Production / < 10M vectors:
Use Pinecone (managed, zero ops) or Qdrant Cloud (managed, strong filtering). Or self-host Qdrant/Weaviate if you need data control.

Already using Postgres:
Use pgvector. No new infrastructure. Good enough for < 5M vectors with HNSW index.

Billion-scale:
Use Milvus (GPU-accelerated) or Pinecone (serverless scales automatically).

Offline / research:
Use FAISS. Fastest raw ANN performance. No metadata — pair with a separate store.
Key Questions to Ask
How many vectors? Under 100K = anything works. Over 10M = need careful index tuning.

Do you need metadata filtering? If yes, avoid FAISS (no metadata).
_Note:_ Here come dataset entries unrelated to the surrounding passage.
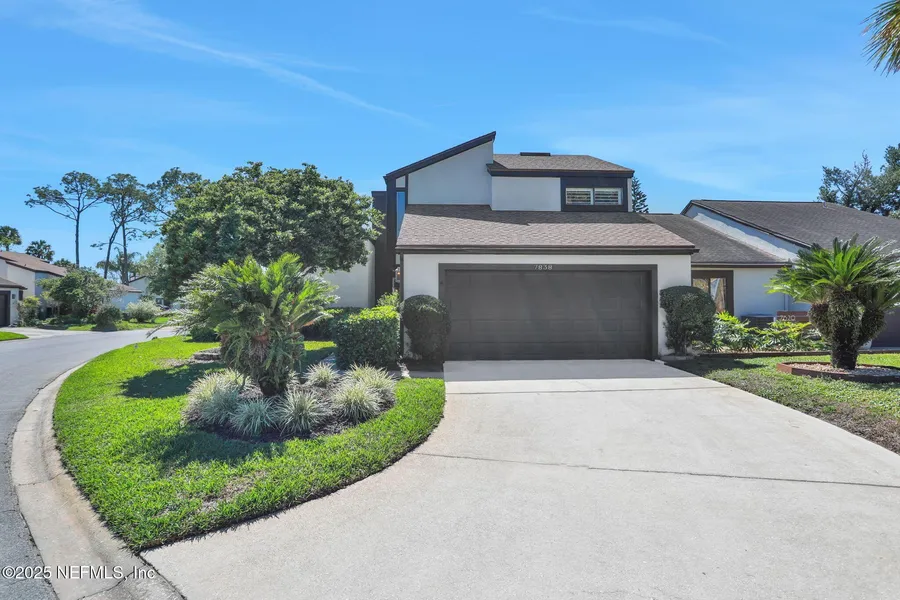 Welcome to the incredible location of Linkside at Baymeadows. This home is move in ready with a new roof (2024), a specular layout and the location is perfect! This charming single-family home features a comfortable and spacious living environment. With 1,962 square feet, the unique features of this home are truly captivating with three bedrooms, two bathrooms and a unique layout. The interior offers an open floor plan with plantation shutters over each window and skylights that allow ample natural light to fill each space. The first floor master suite provides a private retreat with an ensuite bathroom, while the additional two bedrooms offer flexibility for family, guests, or a home office. The home also includes a wood burning fireplace, adding to its cozy ambiance. The two separate living spaces open up to the incredibly private backyard oasis, with a courtyard style enclosure which flows perfectly with plenty of room for dining and entertaining. The home also includes a dedicated dining room off of the kitchen which can be transformed to a flex space, office or playroom.
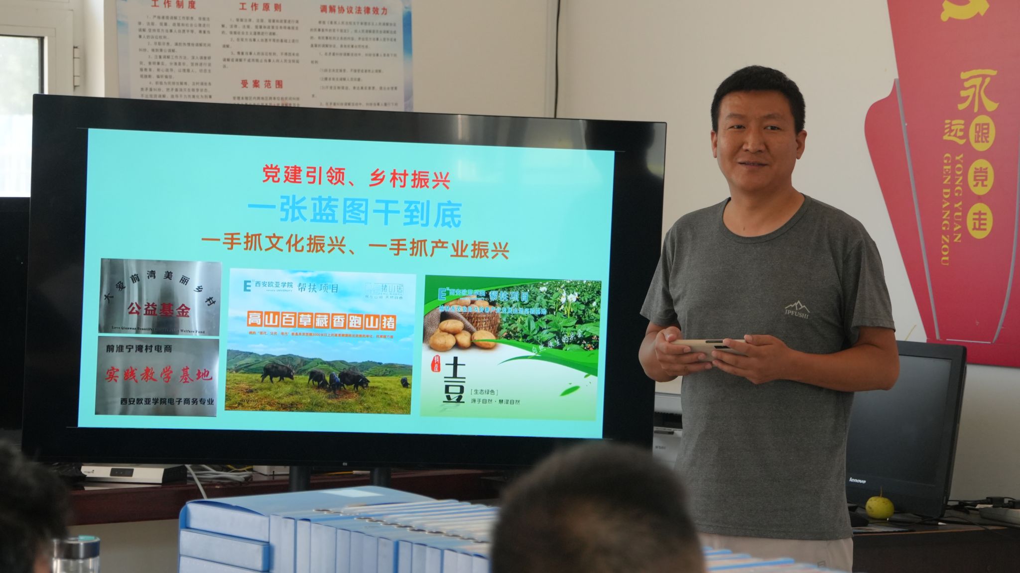 学校驻村工作队队长马波汇报了前淮宁湾村文化振兴(“大爱前湾,美丽乡村”公益基金,关爱留守儿童和留守老人、贫困家庭;活跃乡村文化)和产业振兴(高山土豆和藏香猪养殖场项目)、庭院经济、电商运营等工作落地情况,下半年,学校驻村工作将按照“三个做好,三个持续,三个协调”有序推进,为子洲县乡村振兴和帮扶村集体经济高质量发展贡献欧亚智慧。
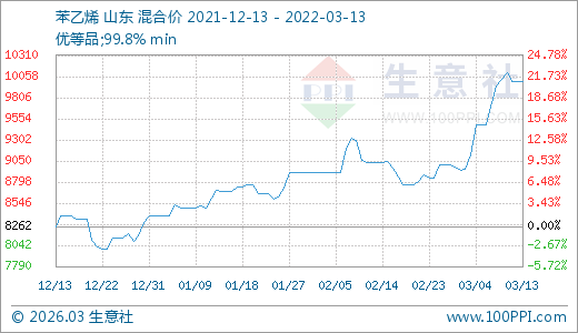 03月13日苯乙烯10000.00元/噸 10天上漲9.65%
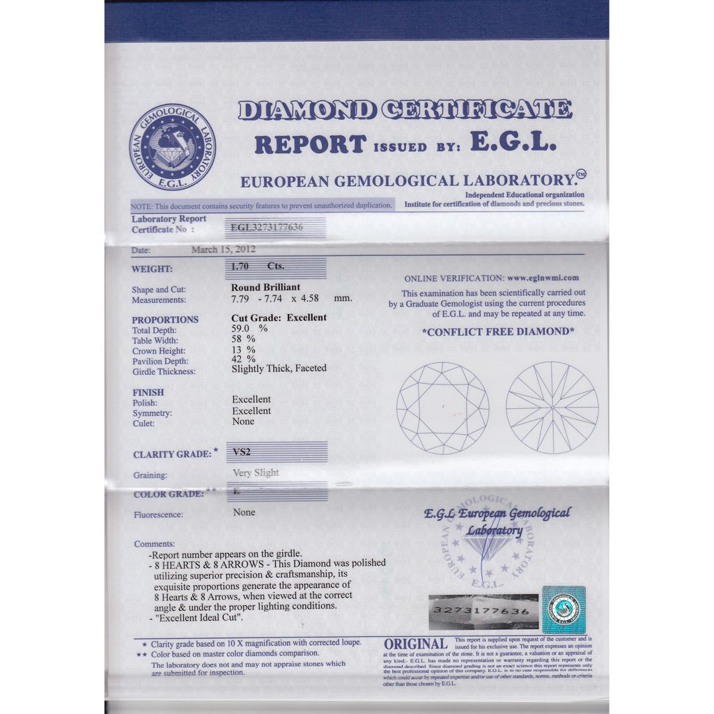 Diamond EGL Certified Round 1.70 ctw E, VS2 **|**|** 7.79x7.74x4.58mm;Cut Excellent; Polish Excellent; Symmetry Excellent; Fluo None; Depth 59%; table58% ; MSRP: $47000
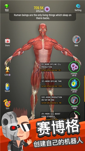 4、这些关联能让玩家直观了解人体运作的各类知识。玩家只需升级器官,就能获得挂机的细胞奖励;通过升级可提升器官带来的收益,也能点击屏幕获取收益。
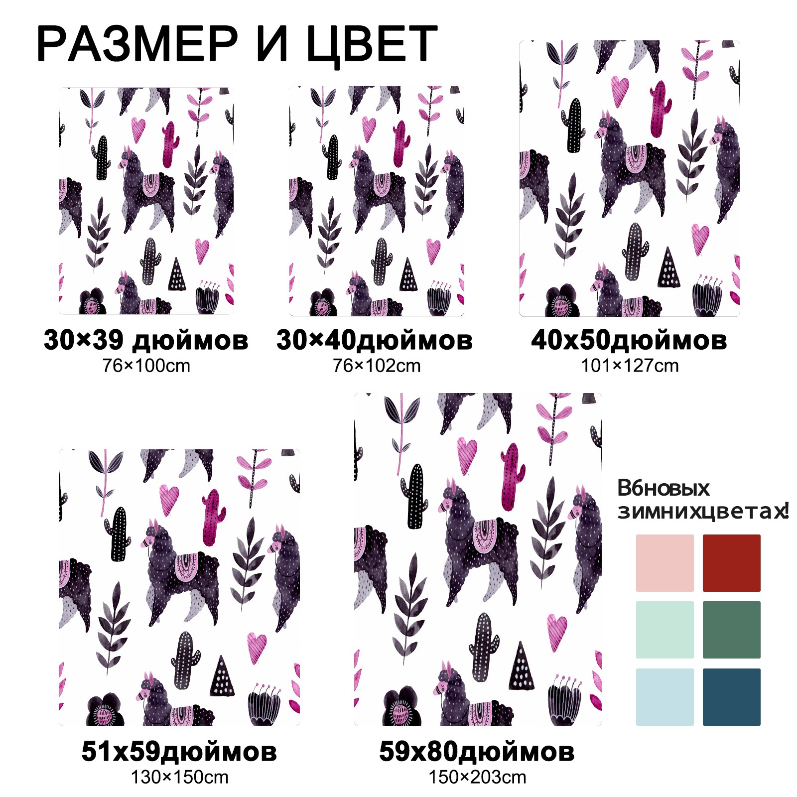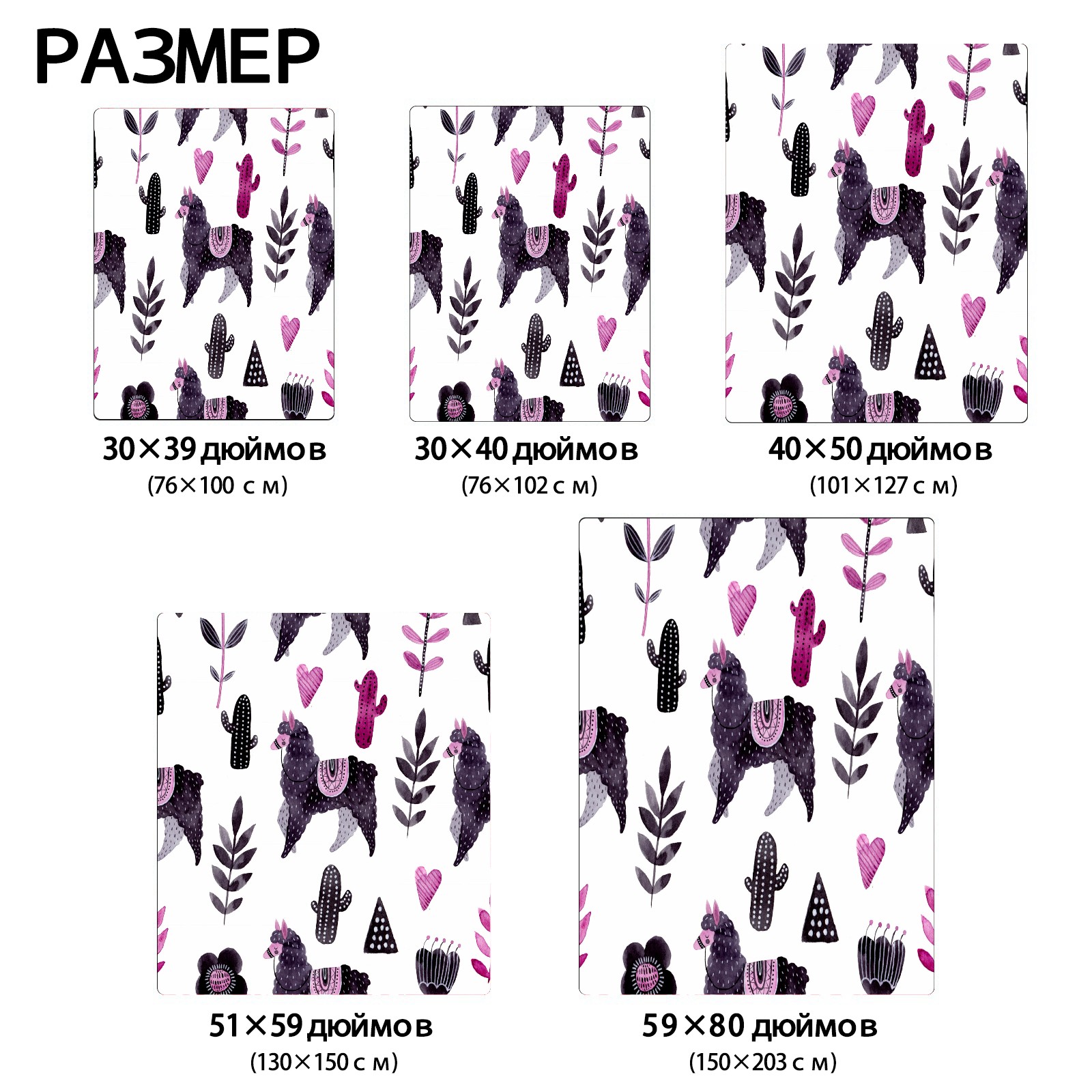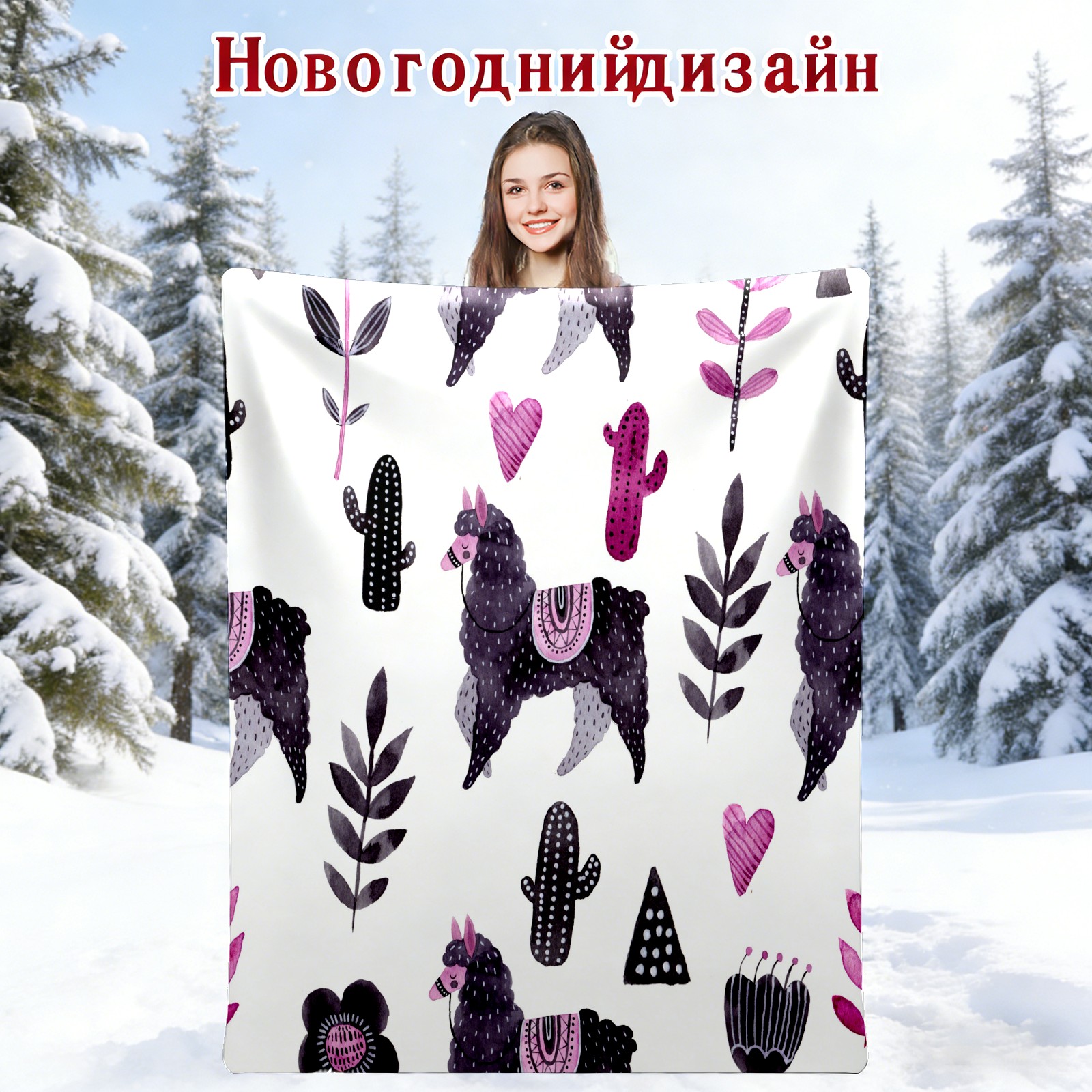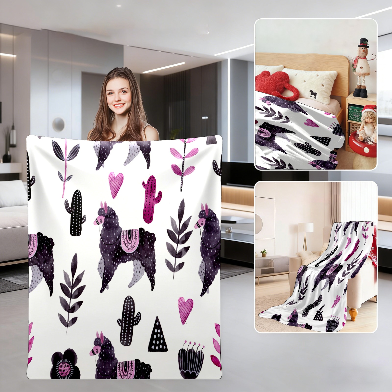 Cartoon Lovely Purple Alpaca 76x102cm
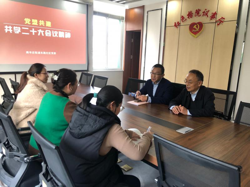 11月11日,民盟省直科技綜合總支文化科技支部走進(jìn)槐蔭區(qū)南辛莊東路社區(qū),與社區(qū)黨支部共同學(xué)習(xí)中共二十大精神,交流學(xué)習(xí)會(huì)議精神心得體會(huì)。南辛莊東路社區(qū)主任王曉峰、民盟山東省直科技總支支部主委翟樹剛、文化科技支部主委王強(qiáng)參加會(huì)議。
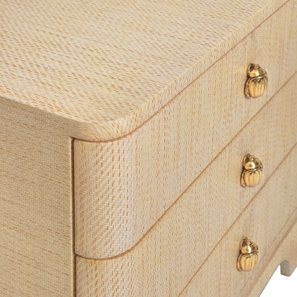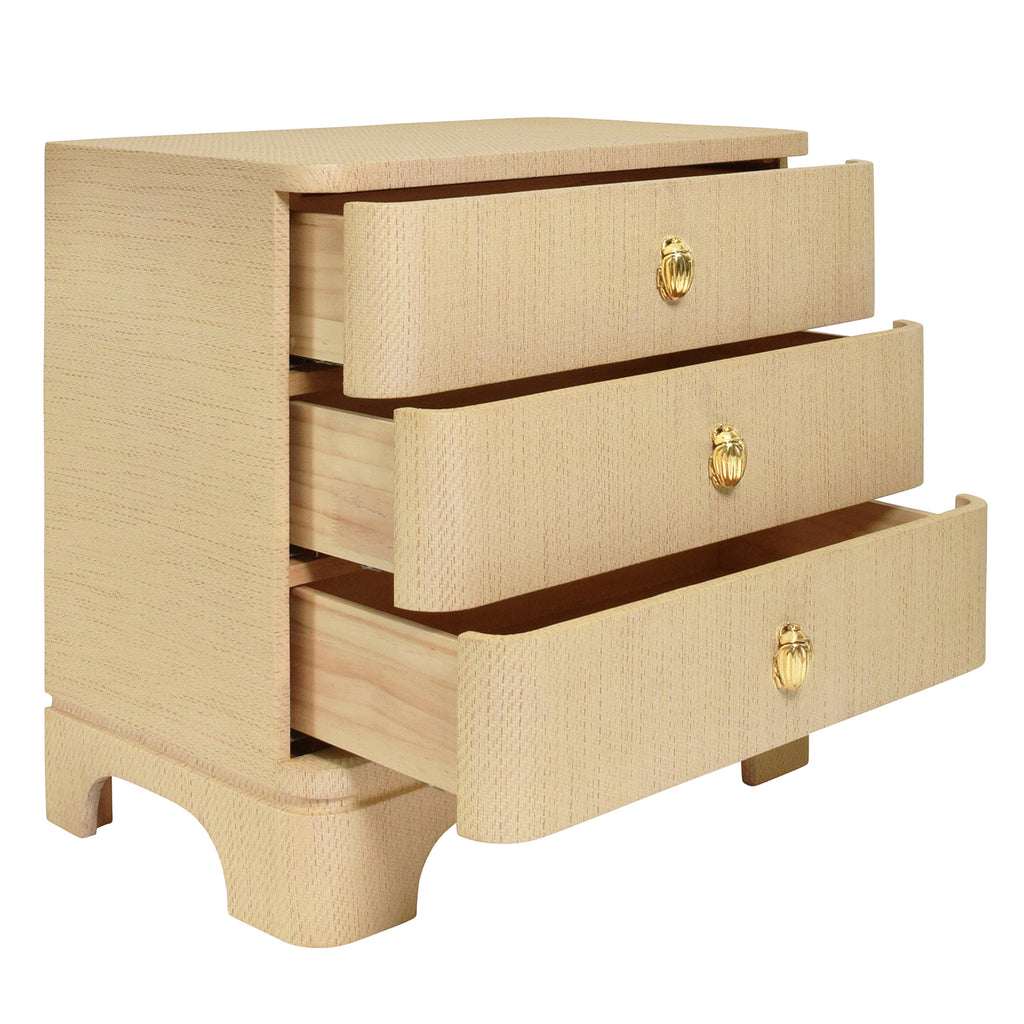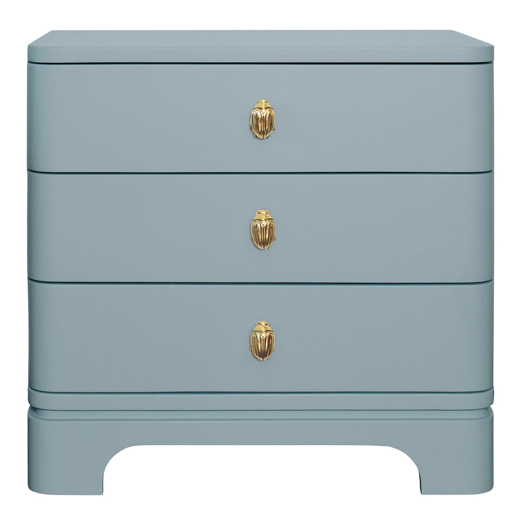 • Three drawer rounded edge side table with brass beetle knob in light blue matte lacquer
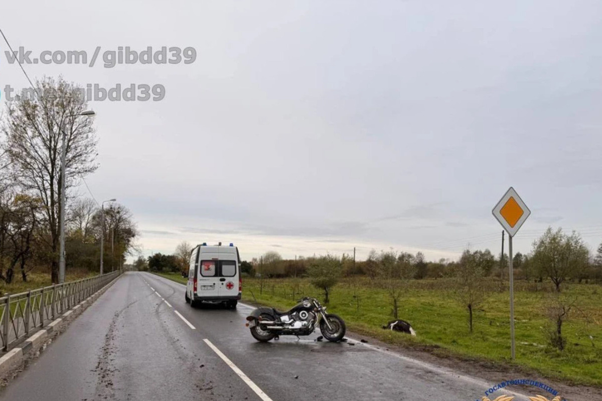 Мотоциклист, ехавший по прямой дороге в посёлке Заовражное Черняховского района, сбил корову. Сам водитель мотоцикла получил травмы.
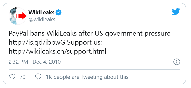 Khi điều này xảy ra, PayPal cho biết lý do là WikiLeaks đã vi phạm chính sách sử dụng có thể chấp nhận được của mình. Chính sách này có điều khoản quy định các tài khoản không thể được sử dụng cho biết kỳ hoạt động nào mà khuyến khích, thúc đẩy, tạo điều kiện hoặc hướng dẫn người khác tham gia vào hoạt động bất hợp pháp. PayPal đã không chỉ rõ hoạt động bất hợp pháp nào đã khiến cho tài khoản WikiLeaks bị ngừng hoạt động, nhưng quyết định đó vẫn được duy trì.
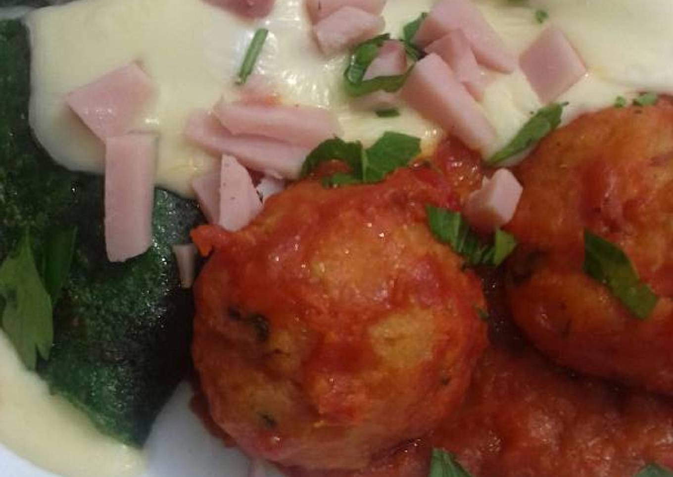 Omelette de acelga con albóndigas
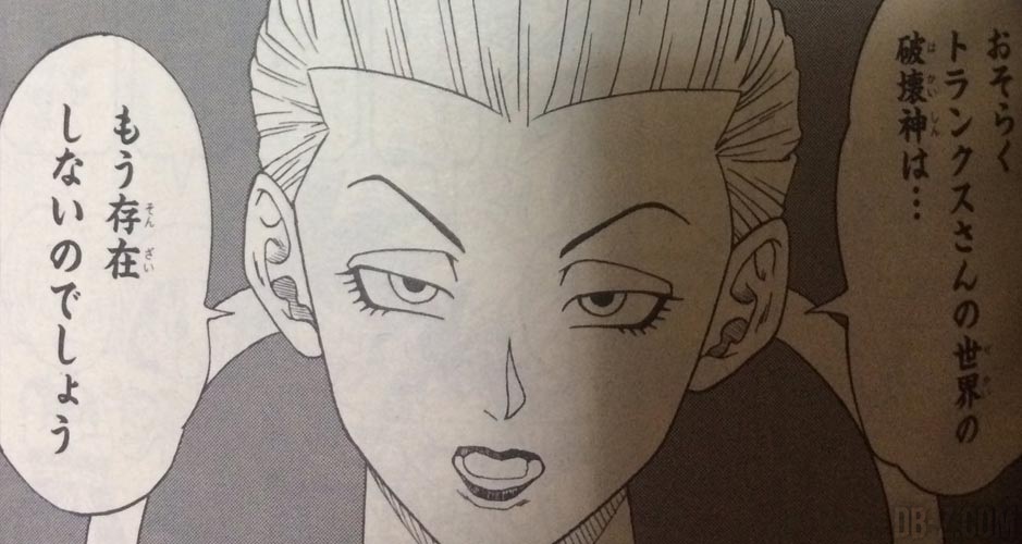 Trunks en Super Saiyan se bat contre Goku Black. Il s’enfuit dans le présent de Goku et ses amis, et affronter Goku pour jauger son niveau de puissance. Tout se passe comme dans l’animé, sauf qu’on apprend une nouvelle information : Les Kaioshins et les Dieux de la Destruction sont un ensemble, un set de deux individus : Si l’un meurt, l’autre meurt aussi ! Quand Trunks raconte que le Kaioshin de son époque est mort sous les coups de Dabla, Whis répond alors que le Dieu de la Destruction du monde de Trunks est forcément mort également.

Pinecone, Qdrant, and Weaviate have excellent filtering.

Managed or self-hosted? Managed = less ops, more cost. Self-hosted = more control, more work.

Hybrid search needed? Weaviate and Qdrant support vector + BM25 keyword search natively. Pinecone added sparse-dense support.
The vector store is rarely the bottleneck. Most RAG quality issues come from bad chunking or bad embeddings, not the vector store. Pick one that fits your ops model, get it running, and focus your optimization energy on the retrieval pipeline above the store.